▶ _Exercise directions_: In the material below, find the line with "However, in the" and the line with "Safe mit mörderischem", then output both and every line between them exactly, omitting pictures.

*** Opening Material provided ***

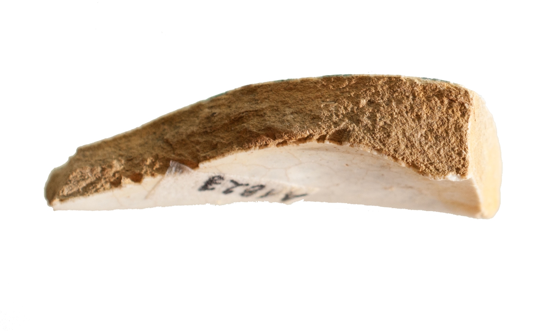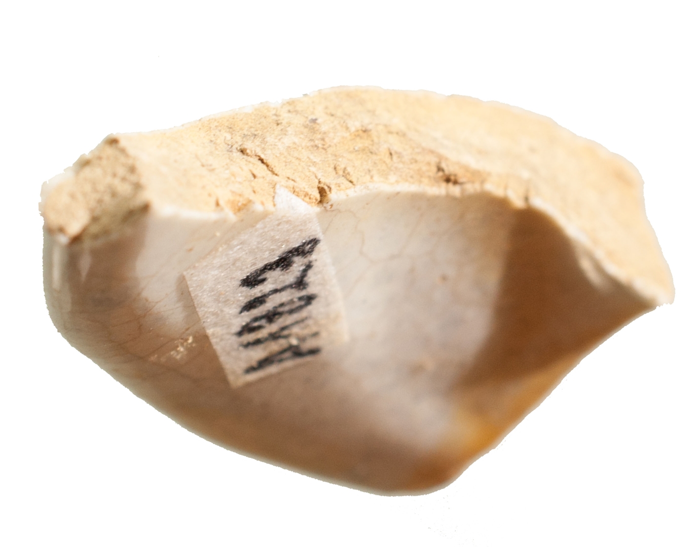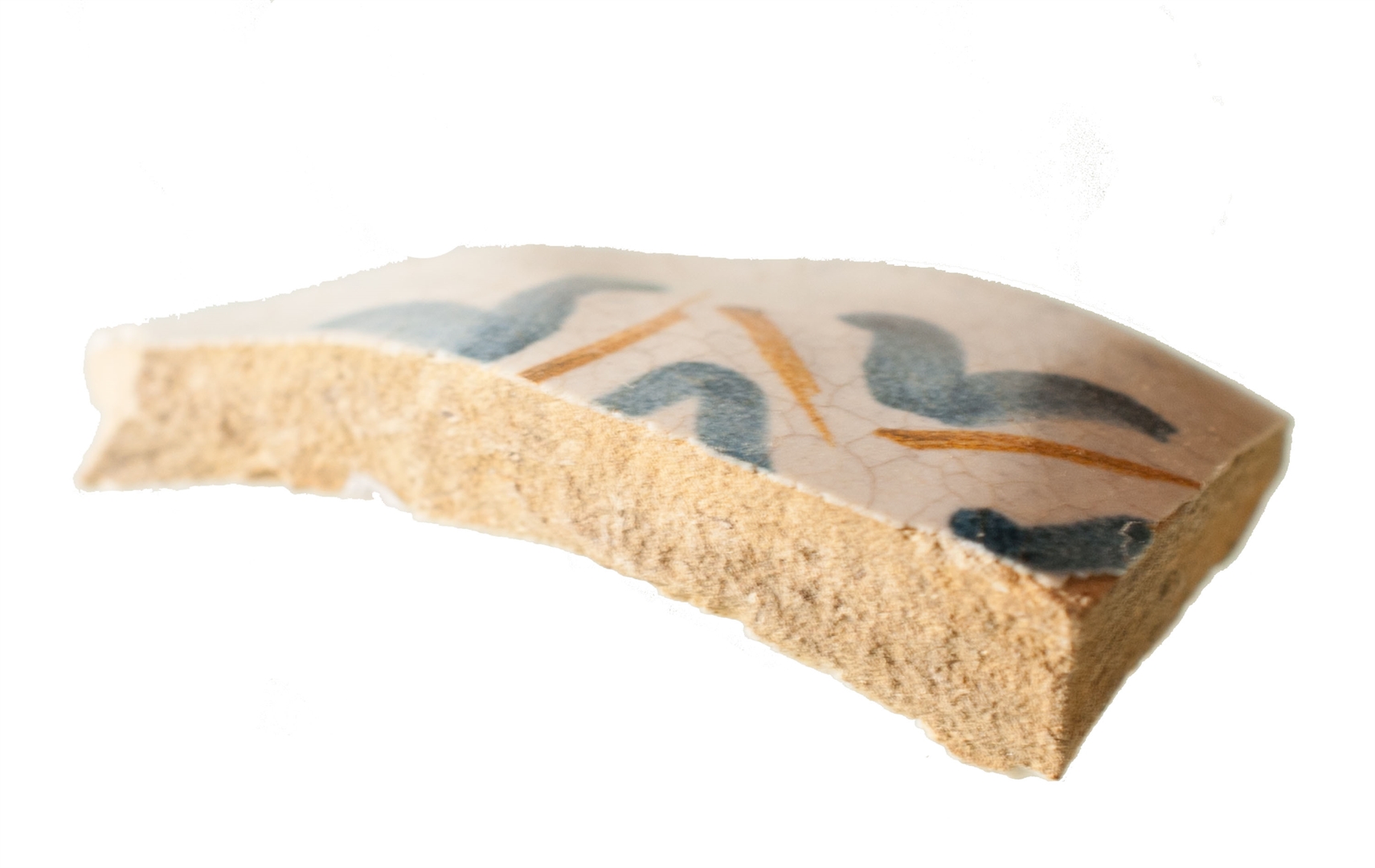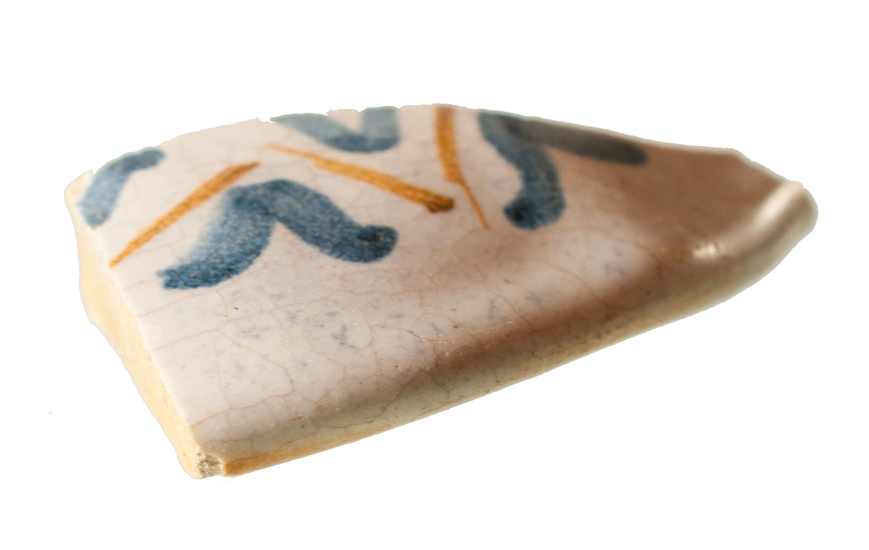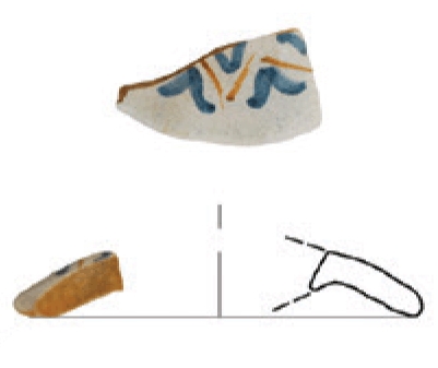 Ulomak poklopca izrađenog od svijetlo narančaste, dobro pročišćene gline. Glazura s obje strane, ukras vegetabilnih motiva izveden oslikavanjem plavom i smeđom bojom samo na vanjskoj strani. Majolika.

*** Closing Material provided ***
*** Opening Material provided ***

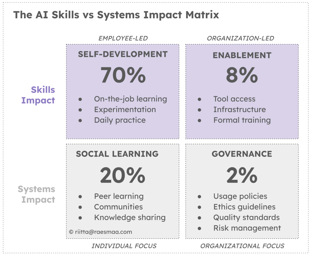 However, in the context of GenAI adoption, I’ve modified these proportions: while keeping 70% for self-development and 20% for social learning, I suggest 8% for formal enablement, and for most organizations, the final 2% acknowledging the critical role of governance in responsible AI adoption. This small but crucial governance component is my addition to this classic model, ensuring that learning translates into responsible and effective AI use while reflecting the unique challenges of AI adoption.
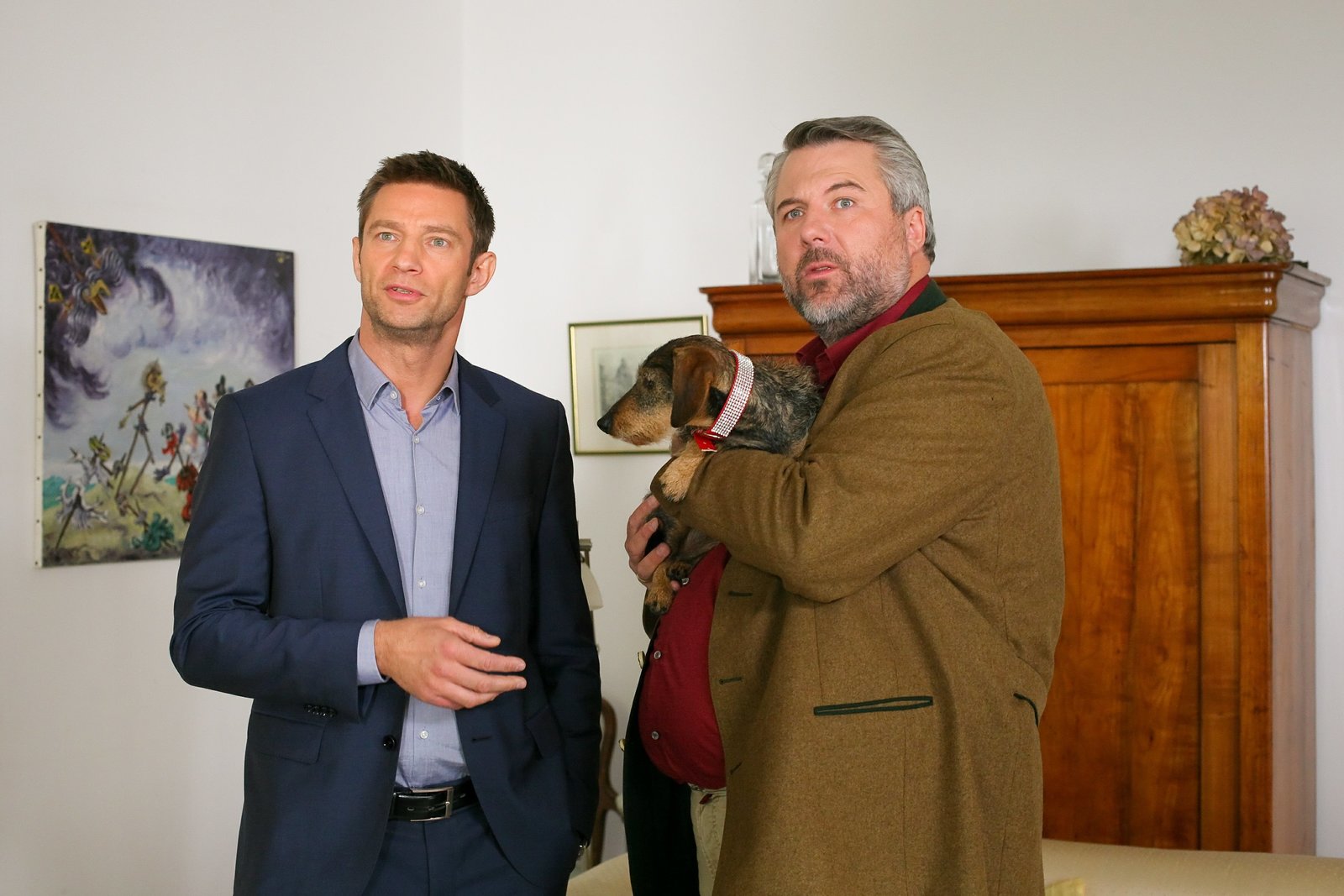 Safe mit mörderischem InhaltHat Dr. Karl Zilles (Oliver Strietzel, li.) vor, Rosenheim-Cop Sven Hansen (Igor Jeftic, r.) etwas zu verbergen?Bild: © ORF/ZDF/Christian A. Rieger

*** Closing Material provided ***

▶ _Result_:
 However, in the context of GenAI adoption, I’ve modified these proportions: while keeping 70% for self-development and 20% for social learning, I suggest 8% for formal enablement, and for most organizations, the final 2% acknowledging the critical role of governance in responsible AI adoption. This small but crucial governance component is my addition to this classic model, ensuring that learning translates into responsible and effective AI use while reflecting the unique challenges of AI adoption.
 Safe mit mörderischem InhaltHat Dr. Karl Zilles (Oliver Strietzel, li.) vor, Rosenheim-Cop Sven Hansen (Igor Jeftic, r.) etwas zu verbergen?Bild: © ORF/ZDF/Christian A. Rieger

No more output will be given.